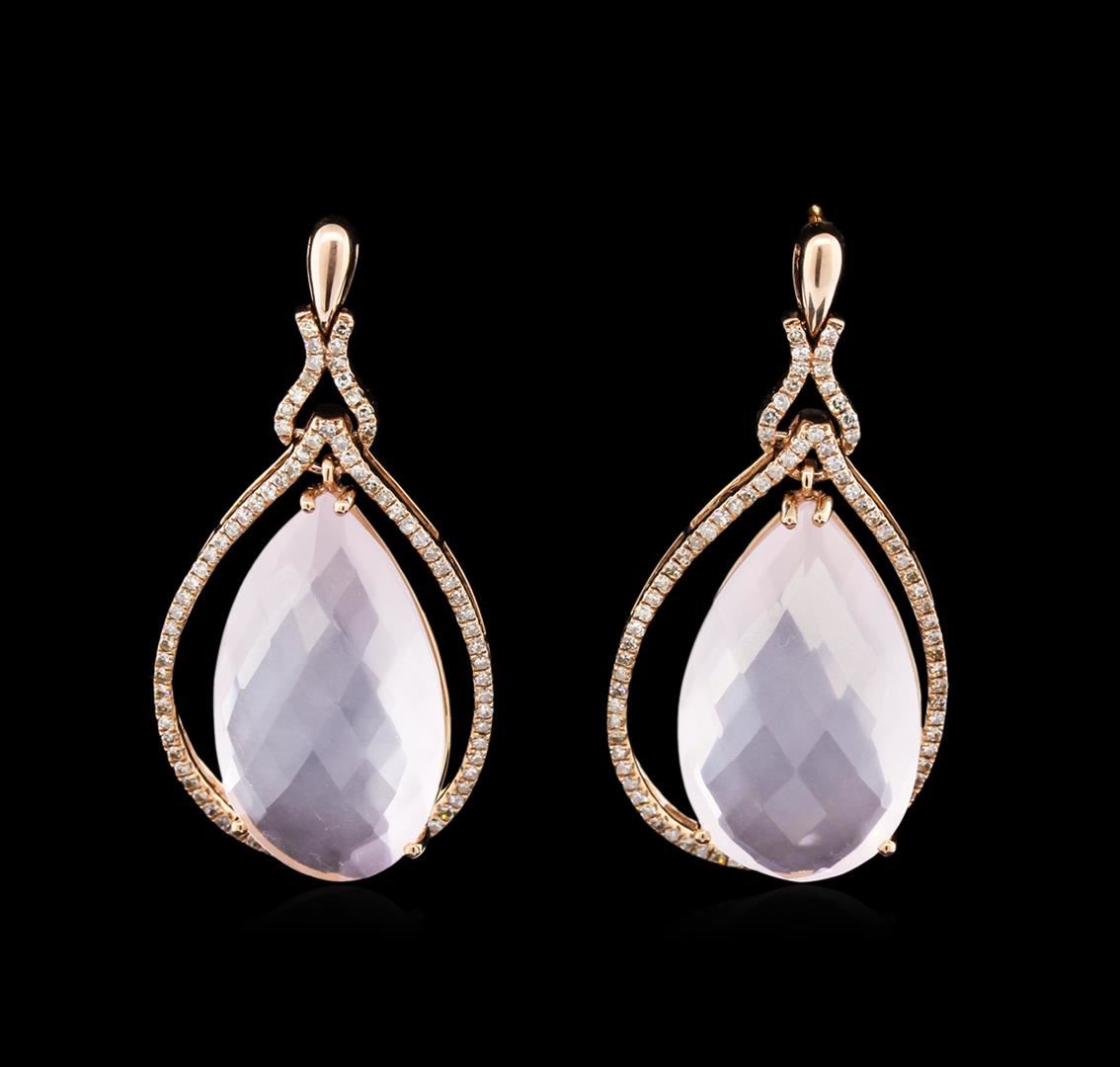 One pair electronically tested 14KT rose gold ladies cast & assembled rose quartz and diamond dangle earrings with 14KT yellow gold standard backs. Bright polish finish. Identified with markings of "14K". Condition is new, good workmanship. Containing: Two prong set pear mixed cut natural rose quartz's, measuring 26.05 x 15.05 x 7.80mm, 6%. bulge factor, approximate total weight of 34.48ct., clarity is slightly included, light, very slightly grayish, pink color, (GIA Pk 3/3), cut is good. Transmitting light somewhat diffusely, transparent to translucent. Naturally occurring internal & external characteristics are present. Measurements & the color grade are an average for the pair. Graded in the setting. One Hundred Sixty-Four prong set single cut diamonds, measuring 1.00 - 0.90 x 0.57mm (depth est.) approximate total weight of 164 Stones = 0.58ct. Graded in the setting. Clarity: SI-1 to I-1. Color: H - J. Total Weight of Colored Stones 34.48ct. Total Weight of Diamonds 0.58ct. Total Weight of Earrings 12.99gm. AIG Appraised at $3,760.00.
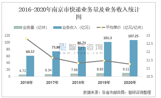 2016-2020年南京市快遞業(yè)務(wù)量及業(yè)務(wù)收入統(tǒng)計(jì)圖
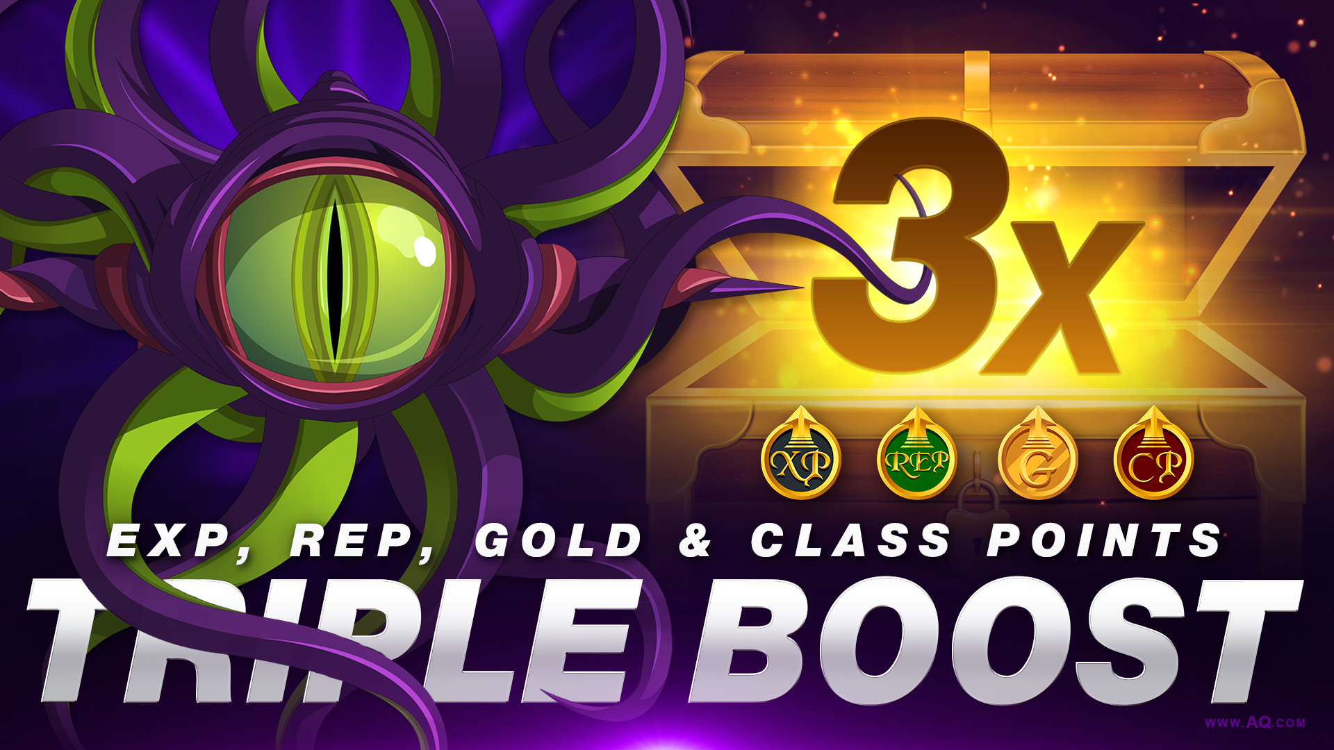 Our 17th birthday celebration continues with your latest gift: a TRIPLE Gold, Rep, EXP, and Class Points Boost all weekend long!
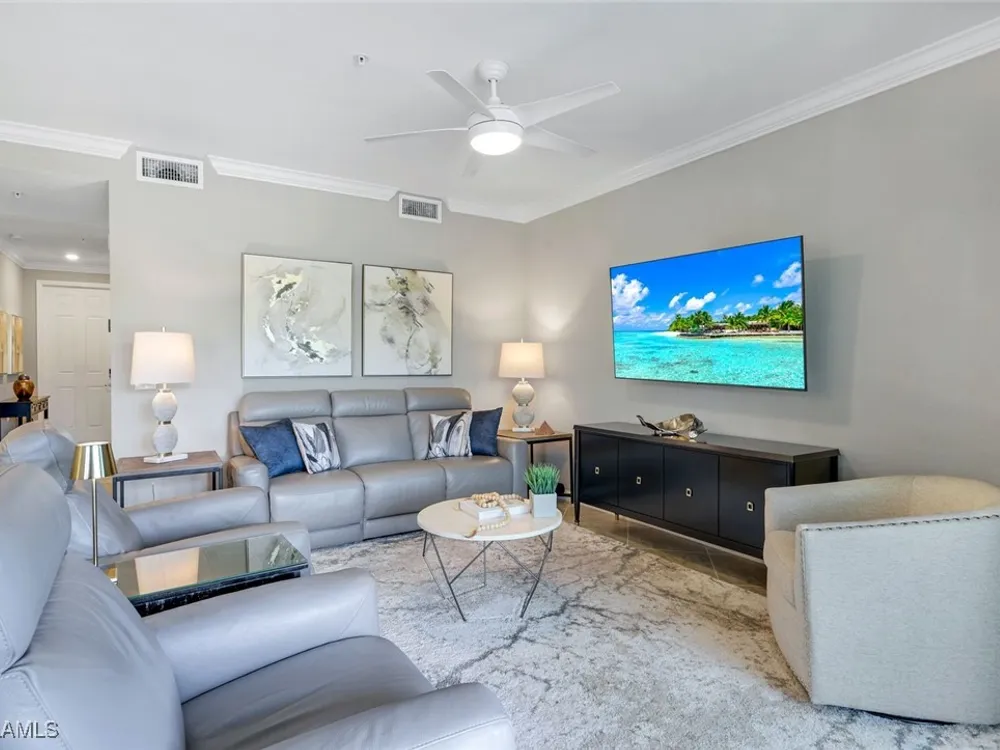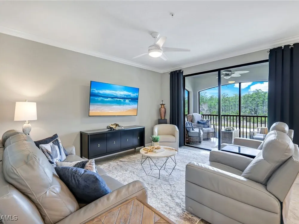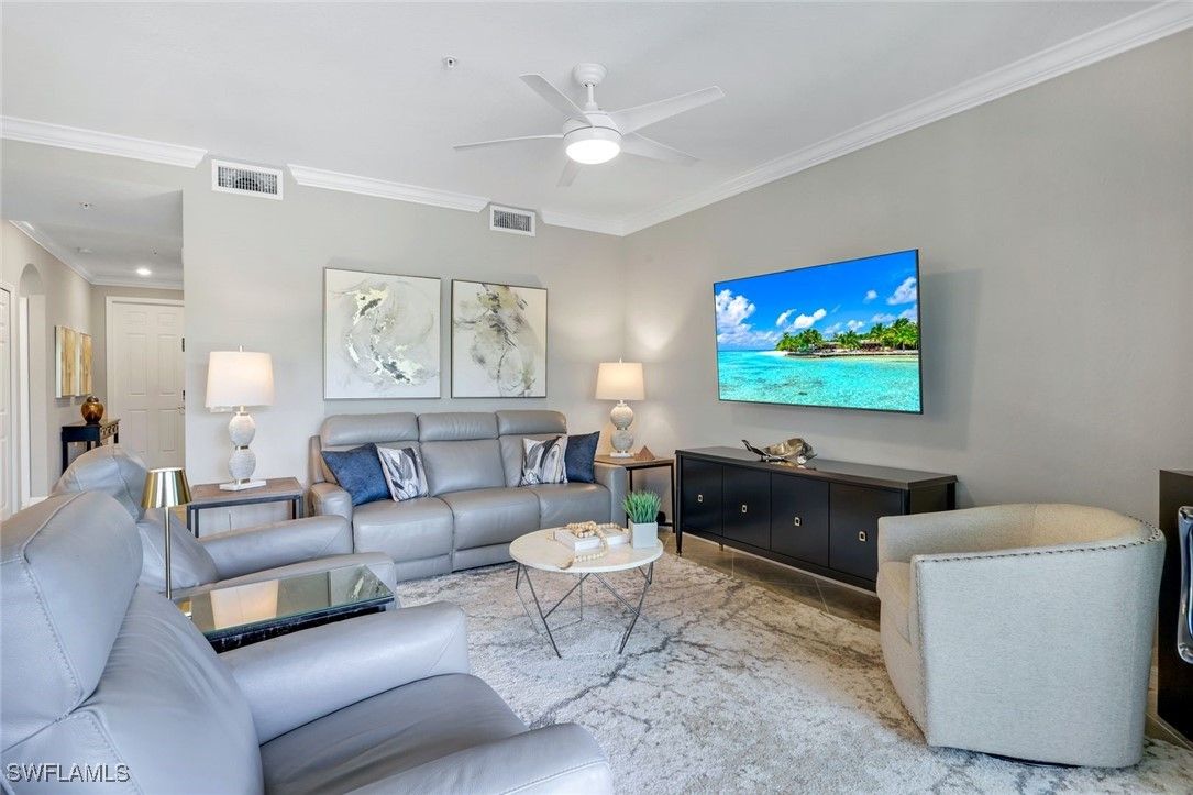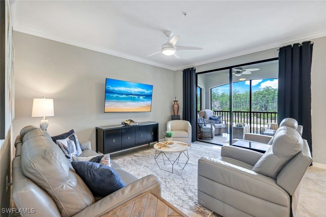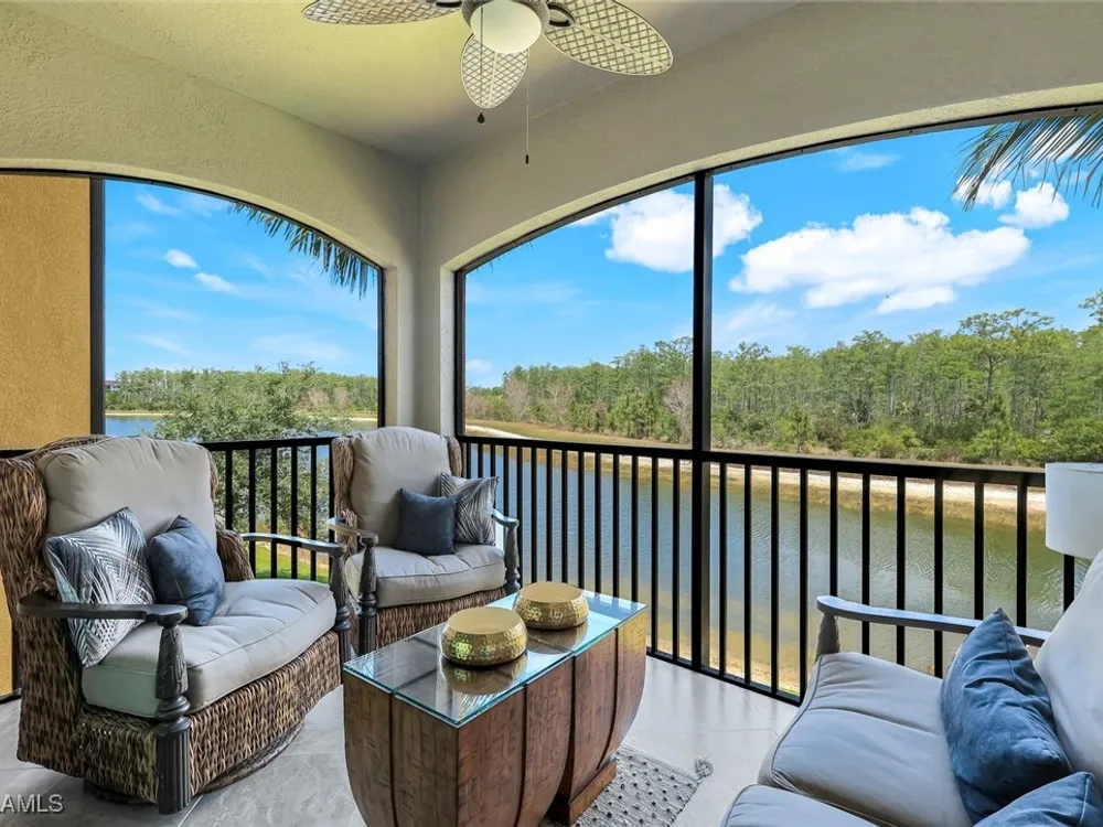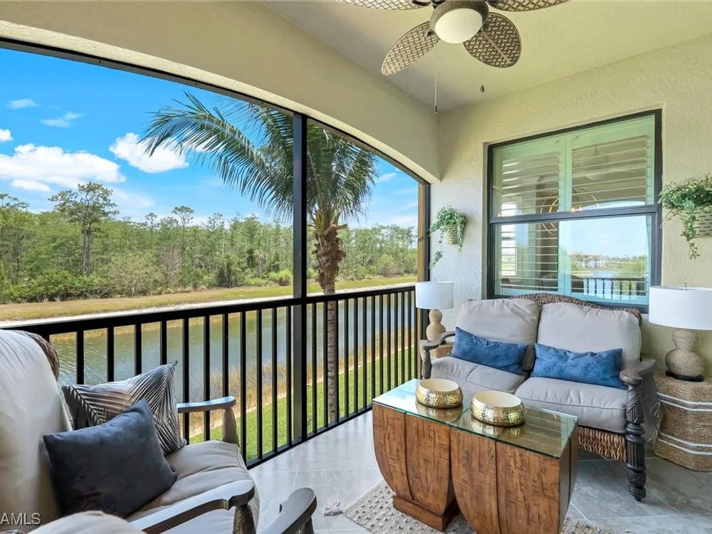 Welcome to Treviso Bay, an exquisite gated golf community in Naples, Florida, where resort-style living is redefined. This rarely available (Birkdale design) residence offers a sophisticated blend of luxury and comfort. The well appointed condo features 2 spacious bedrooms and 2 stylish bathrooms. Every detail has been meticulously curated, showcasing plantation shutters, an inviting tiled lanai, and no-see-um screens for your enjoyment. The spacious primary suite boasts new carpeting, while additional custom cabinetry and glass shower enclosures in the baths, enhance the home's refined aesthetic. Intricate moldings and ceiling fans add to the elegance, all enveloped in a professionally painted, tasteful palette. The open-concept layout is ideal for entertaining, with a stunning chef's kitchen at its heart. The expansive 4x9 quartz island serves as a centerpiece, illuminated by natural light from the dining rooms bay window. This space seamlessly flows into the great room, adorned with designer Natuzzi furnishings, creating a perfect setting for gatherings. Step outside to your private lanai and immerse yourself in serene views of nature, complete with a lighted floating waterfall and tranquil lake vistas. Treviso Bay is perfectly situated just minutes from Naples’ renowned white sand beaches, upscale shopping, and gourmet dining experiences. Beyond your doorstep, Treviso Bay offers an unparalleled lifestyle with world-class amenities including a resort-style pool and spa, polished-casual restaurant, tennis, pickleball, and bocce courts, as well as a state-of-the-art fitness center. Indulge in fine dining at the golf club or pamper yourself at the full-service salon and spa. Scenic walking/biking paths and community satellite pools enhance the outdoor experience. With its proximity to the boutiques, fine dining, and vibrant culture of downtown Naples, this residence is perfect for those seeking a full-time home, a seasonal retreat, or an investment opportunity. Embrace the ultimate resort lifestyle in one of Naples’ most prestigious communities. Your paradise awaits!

> _WHAT YOU WILL DO_: Only the lines of the listing above from the one with "2016-2020年南京市快" through the one with "Our 17th birthday" should be output, exactly, with both ends kept and pictures left out.

> _RESULT OF THE EXERCISE_:
 2016-2020年南京市快遞業(yè)務(wù)量及業(yè)務(wù)收入統(tǒng)計(jì)圖
 Our 17th birthday celebration continues with your latest gift: a TRIPLE Gold, Rep, EXP, and Class Points Boost all weekend long!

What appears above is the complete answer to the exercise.